Professor Charles R. Kesler, head of the Salvatori Center and The Claremont Review of Books, wrote a piece for Real Clear Politics. (Hat tip: David Dreshfield)
Kesler highlights the contrasts between conservatives and liberals, presumably in preparation for the talk Bill Kristol's giving at the Ath. (Remember, Kristol has connections with the Salvatori Center.) Liberals, Kesler says, have gotten so enamored with change that they have ignored substance.
Modern liberals, in other words, like to obscure the difference between change and improvement. Marketing executives like to instill the same confusion when they trumpet new needs and products. A change can be for better or worse.
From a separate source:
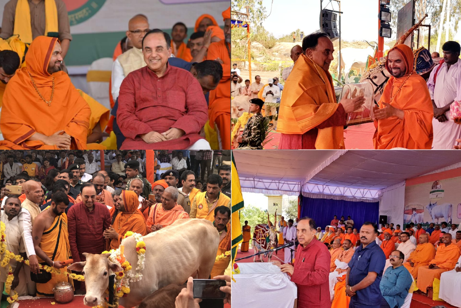 Dr Swamy was delivering his speech in the concluding session of Abhaya Mangala Gauyatra at Ragavendra Gau Ashram, Gangapura, Malur in Kolar on Jan 21. Abhaya Mangala Gauyatra was aimed to Save Cow Movement in Karnataka inspired by Srimad Jagadguru Shankaracharya Sri Sri Raghaveshwara Bharati Maha Swamigal. The yatra was started on Datta Jayanti (3rd Dec, 2017) and ended after 48 days covering 4000 kms all over Karnataka contacting million of people. During this yatra, the organizer Gau Seva Parivar and Ramachandrapura Matha collected about 1 crore signature from all walks of life demanding prohibition of cow slaughter through Abhayakshara/ Protection with pen/ petition signatures across the state by Raghavendra Swami ji and a team of volunteers travelling to each district of Karnataka. Dr. Swamy has been supporting the movement initiated by Raghavendra Swamigal for years and he demanded complete prohibition of slaughter in Karnataka along with his idea to hang all cow killers. The news made reactions in some media also.

If you keep that in mind, you will be disposed to weigh proposed changes, to deliberate about their advantages and disadvantages. That will eventually make you a conservative, not in the prevailing political sense necessarily, but in the prudential sense of someone who wishes to preserve the goodness of existing arrangements against the changes (or so-called improvements) that actually make things worse, and sometimes even against real improvements whose attendant costs are too high.People from the Left believe that the desire for change is so behind them that they will be arrogant and ultimately overplay their hand much the same way they overplayed the 2006 mid-term elections. Do Americans want change? Absolutely. But Americans only want certain things to change and most of that change, contrary to the wishes of our Democrat friends, will be provided with Bush's departure.